En la ida, un vecino de asiento –el sesentón de melena gris y chaleco de mezclilla que todos esperamos ver en esas situaciones- nos comentó que llevaba, pegados a su cuerpo, once “joints” (cigarros) de marihuana. Que como tenía derecho a ocho, estimaba que le quitarían un par y entraría tranquilo, lo que finalmente sucedió. Los guardias de su pasillo de entrada lo revisaron, confiados en que los canadienses no mienten, y le dejaron pasar la carga completa, con todo y su bendición. Mientras, mi prima y yo lidiábamos con otros agentes que secuestraban nuestros sándwiches recién elaborados y los tiraban al basurero de productos ilegales, e indagaban si no portábamos ocultos un pedazo de queso o unas galletas hechas en casa. Para ese momento ya sabíamos que la marihuana tenía ingreso libre, pero que la comida, para gozar de ese derecho, debía estar cerrada al vacío...
Una máxima aprendida en la facultad de Derecho dice: “La ignorancia no exime del cumplimiento de la ley”. Yo ese día ignoraba en exceso. Pero mi vocación legalista no me dejó alegar esa ignorancia frente a esas particulares normas. Y resolví someterme a ellas.
A la entrada, un colectivo trabajaba con ímpetu en una “obra social”: vendía tickets de cerveza. La alemana que llevo dentro calculó las ocho horas que quedaban por delante y me empujó a comprar seis latas. Reincidiendo en el desconocimiento de las disposiciones legales, busqué el quiosco de las cervezas sin suponer que no se podía consumir ninguna bebida alcohólica fuera de la zona cercada, situada a un kilómetro de ahí.

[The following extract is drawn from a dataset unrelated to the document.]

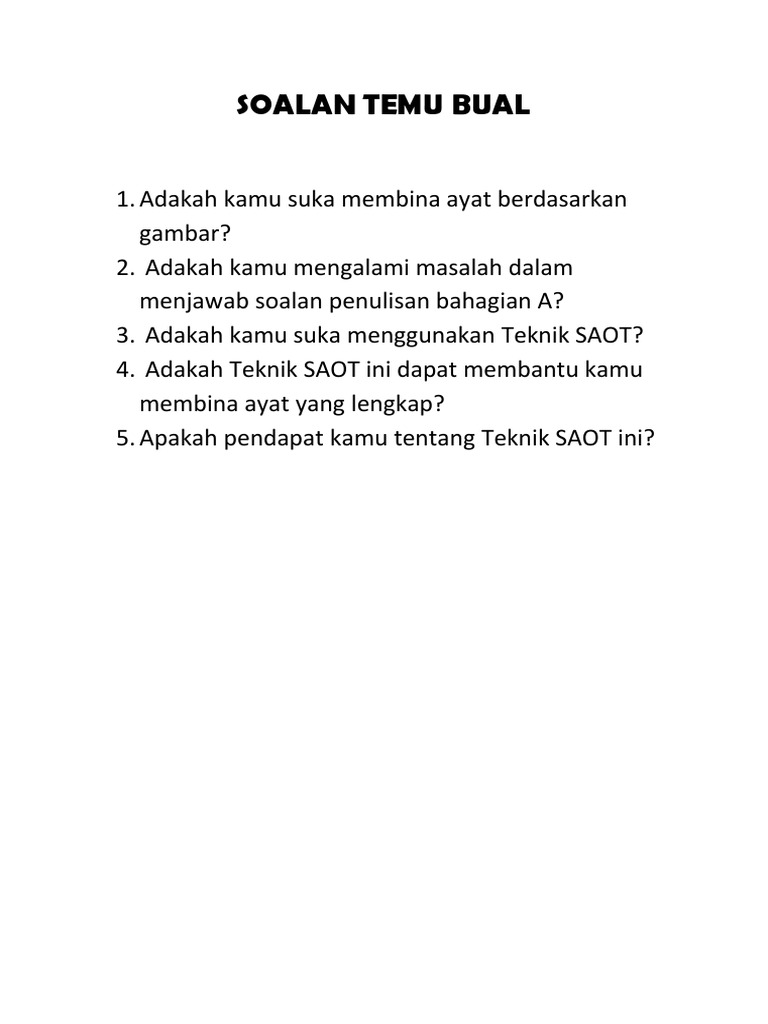 Cara pelaksanaannya ialah dengan melakukan temu bual secara lisan dan jawapan direkod oleh penyelidik secara bertulis melalui rakaman elektronik. Kaedah temu bual kaedah pemerhatian kaedah analisis dokumen 3. Aktiviti perbualan dan soal jawab di mana bentuk dan kandungan soalan-soalan yang ingin ditanya adalah terhad pada sesuatu tajuk atau bidang yang tertentu sahaja.

No quedaba otra: si queríamos mantener el lugar que logramos por llegar temprano, debíamos caminar ese kilómetro, consumir la cerveza por la que ya habíamos pagado y volver antes de que las principales bandas comenzaran su show. Lo que no ocurrió. Escuché a lo lejos el clásico Tom Sawyer de Rush, empiné la última lata y emprendí una carrera hacia ellos. Logré llegar solo para presenciar el último acorde y su “¡Goodbye Toronto!”. Decidí callar ese vergonzoso hecho…hasta hoy.
Con los sándwiches confiscados, las seis latas de cerveza consumidas, el vaho de marihuana que invadía el campo, y el aprendizaje jurídico, quedaba sentarse a ver cómo Angus Young de AC/DC revelaba sus boxers con la hoja de arce (símbolo patrio de Canadá) durante su canción The Jack; y dejar que más tarde la embriaguez llegara al cénit con Miss You, de la banda más grande de ese día y todos los restantes.